_DATA FOR THE TASK_
----------
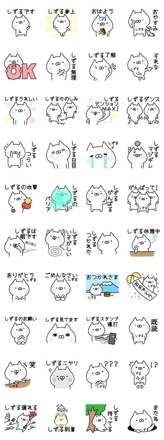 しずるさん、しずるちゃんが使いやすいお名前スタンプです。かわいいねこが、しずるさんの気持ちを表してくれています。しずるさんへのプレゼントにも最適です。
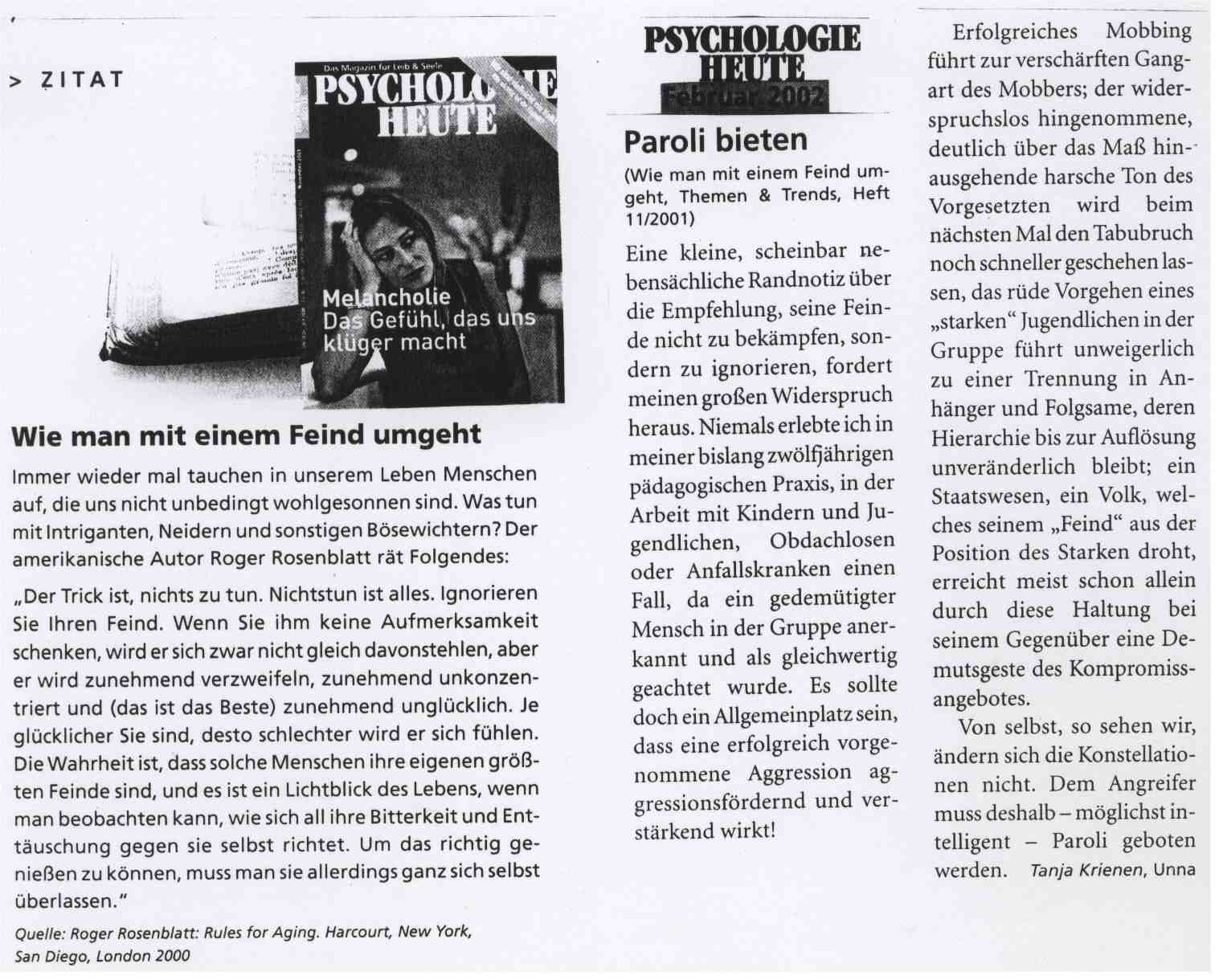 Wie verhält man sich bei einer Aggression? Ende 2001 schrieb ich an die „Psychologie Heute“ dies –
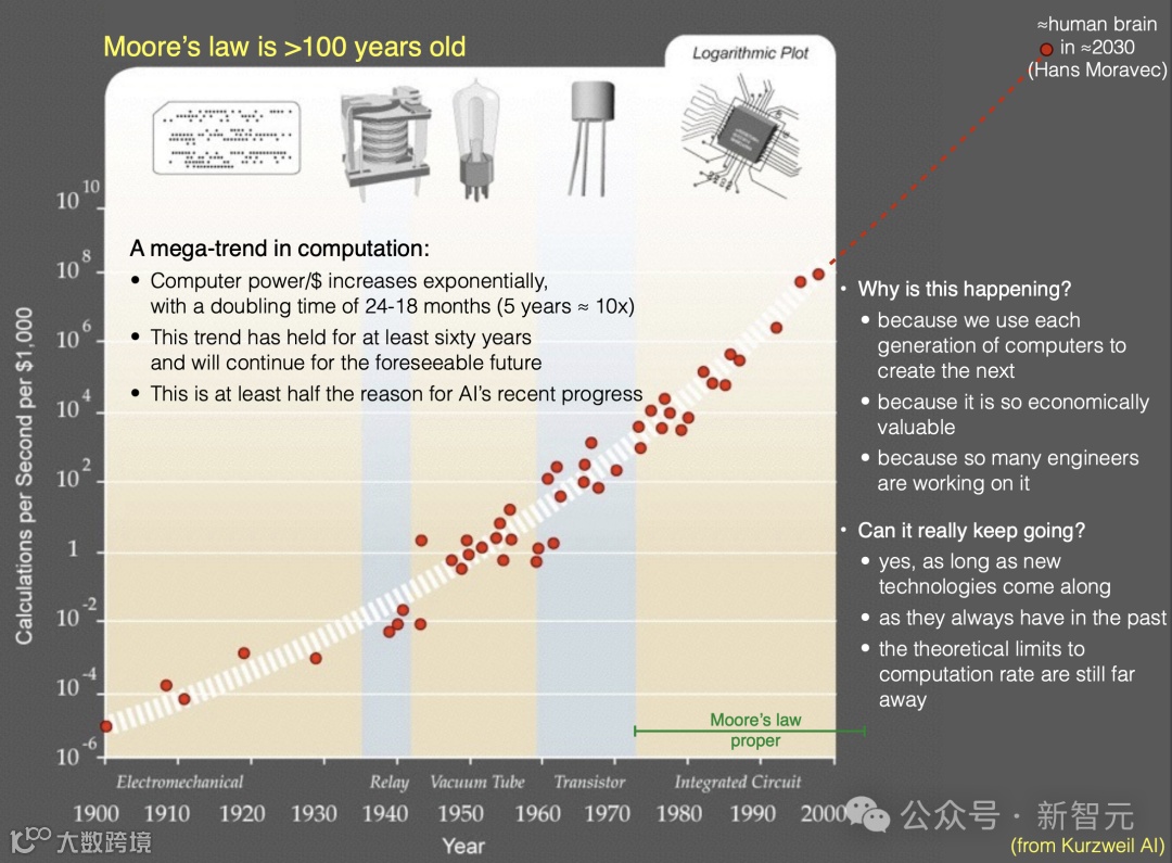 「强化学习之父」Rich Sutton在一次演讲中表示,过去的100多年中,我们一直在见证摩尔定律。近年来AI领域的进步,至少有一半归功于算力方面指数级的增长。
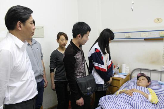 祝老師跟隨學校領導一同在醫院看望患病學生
----------
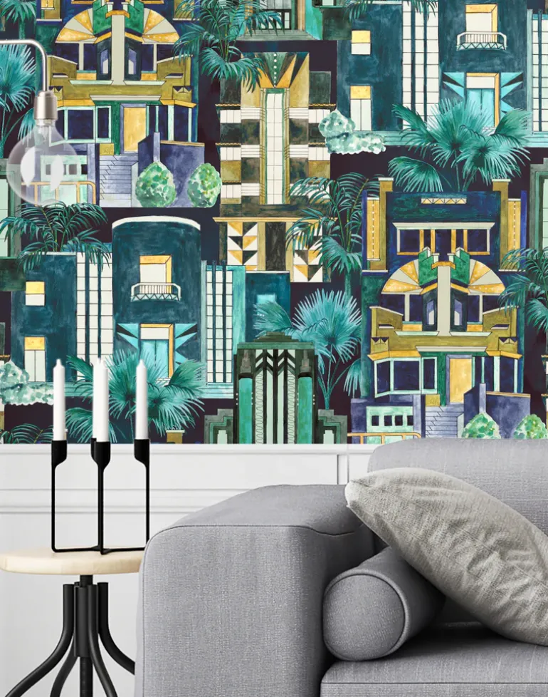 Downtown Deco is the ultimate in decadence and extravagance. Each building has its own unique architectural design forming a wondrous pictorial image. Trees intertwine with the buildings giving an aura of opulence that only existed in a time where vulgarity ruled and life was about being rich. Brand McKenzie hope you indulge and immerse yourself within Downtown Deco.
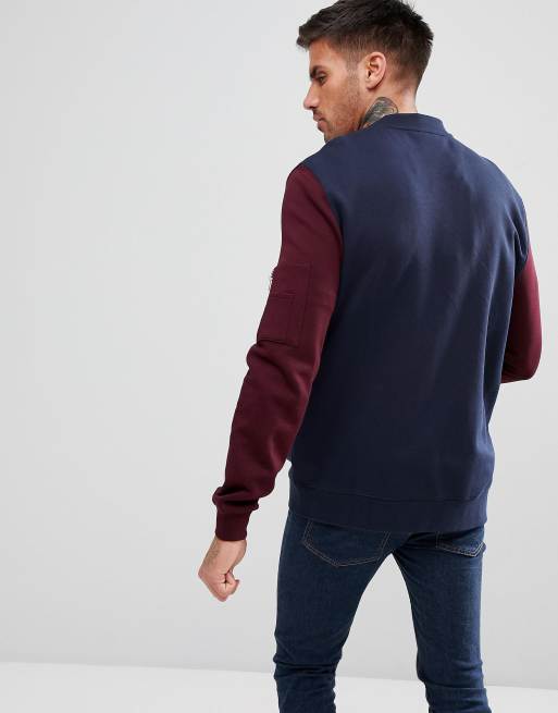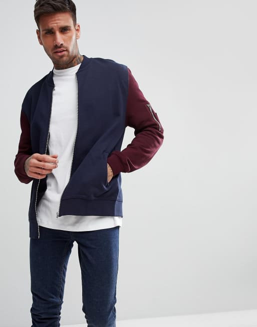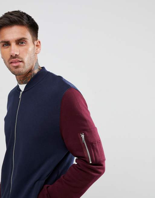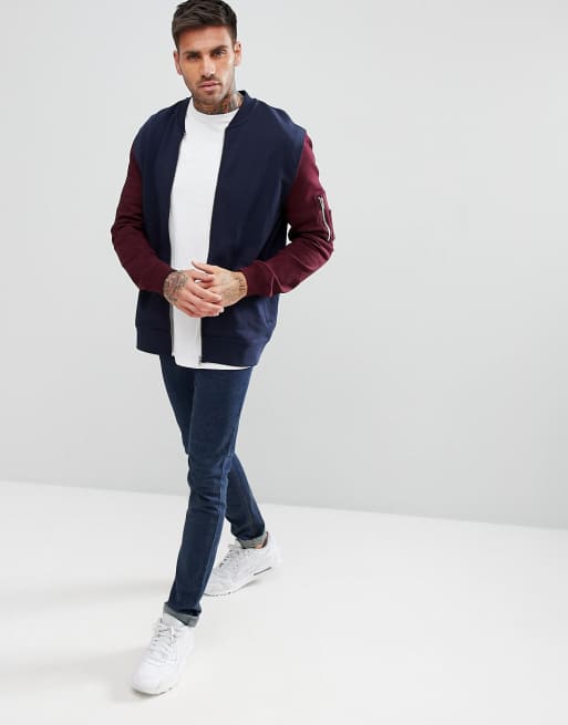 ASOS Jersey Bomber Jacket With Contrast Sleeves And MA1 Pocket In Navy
----------
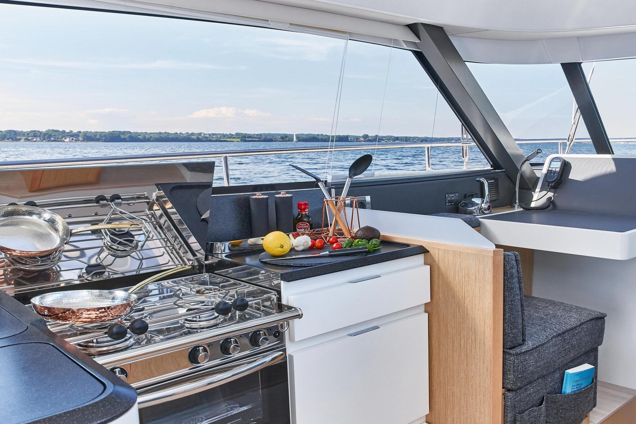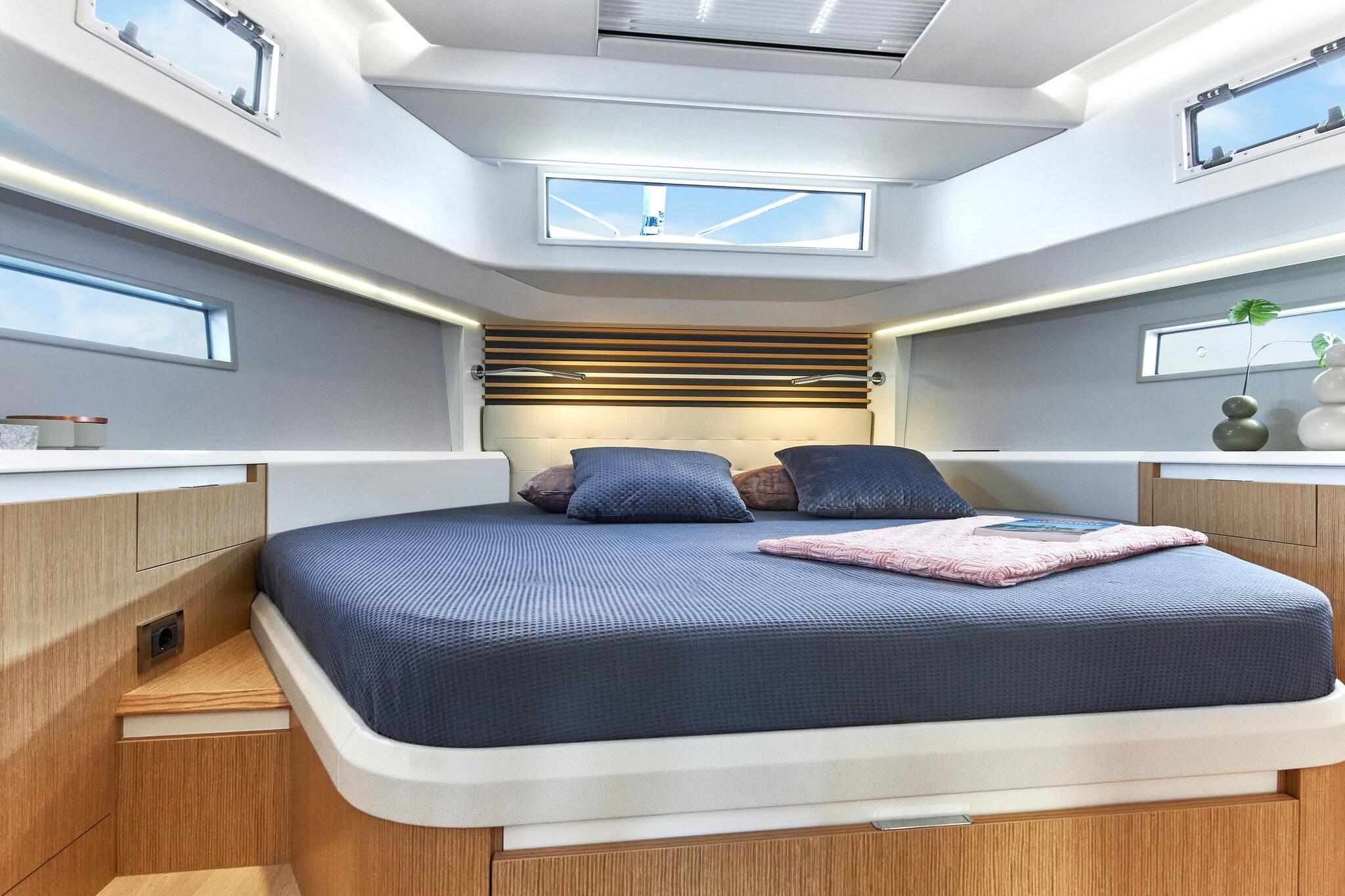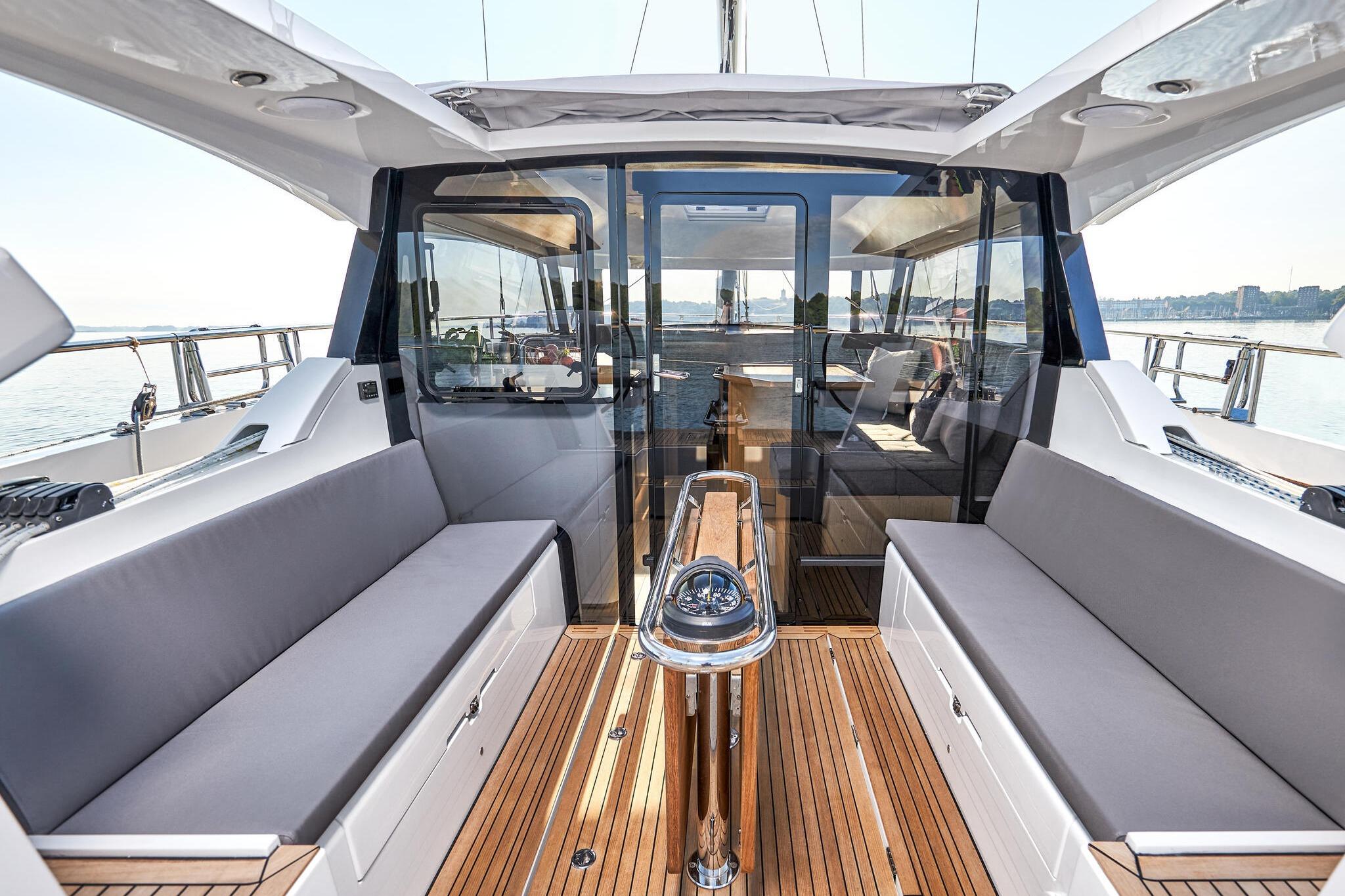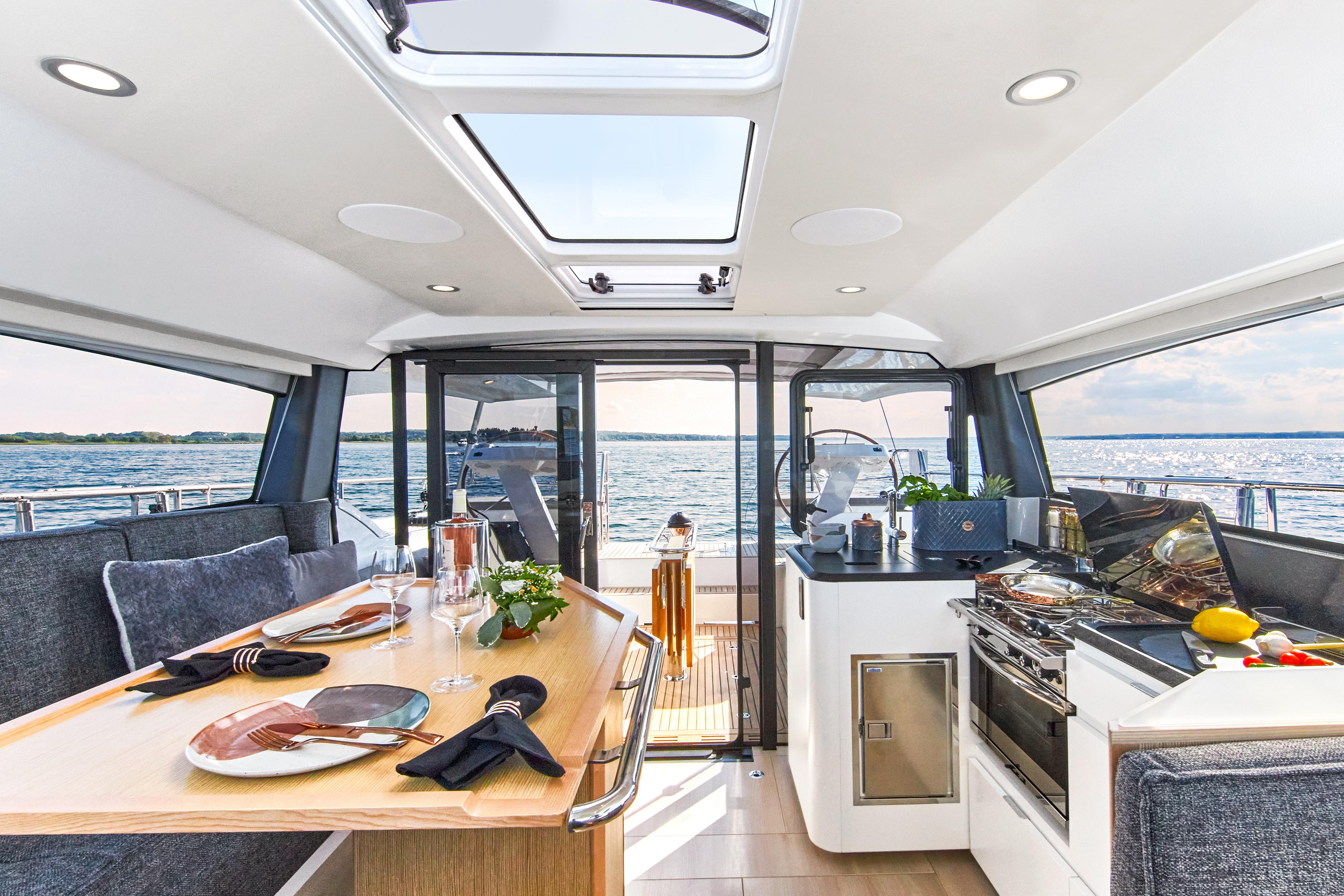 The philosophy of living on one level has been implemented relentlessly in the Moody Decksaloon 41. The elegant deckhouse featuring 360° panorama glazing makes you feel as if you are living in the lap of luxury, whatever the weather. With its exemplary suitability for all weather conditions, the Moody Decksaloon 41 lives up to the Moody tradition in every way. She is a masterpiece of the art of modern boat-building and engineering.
----------
If a picture sits between the line containing "しずるさん、しずるちゃんが使" and the line containing "祝老師跟隨學校領導一同在醫院看望患病學生", leave it out, and return the lines of that range above exactly, both ends included.

 しずるさん、しずるちゃんが使いやすいお名前スタンプです。かわいいねこが、しずるさんの気持ちを表してくれています。しずるさんへのプレゼントにも最適です。
 Wie verhält man sich bei einer Aggression? Ende 2001 schrieb ich an die „Psychologie Heute“ dies –
 「强化学习之父」Rich Sutton在一次演讲中表示,过去的100多年中,我们一直在见证摩尔定律。近年来AI领域的进步,至少有一半归功于算力方面指数级的增长。
 祝老師跟隨學校領導一同在醫院看望患病學生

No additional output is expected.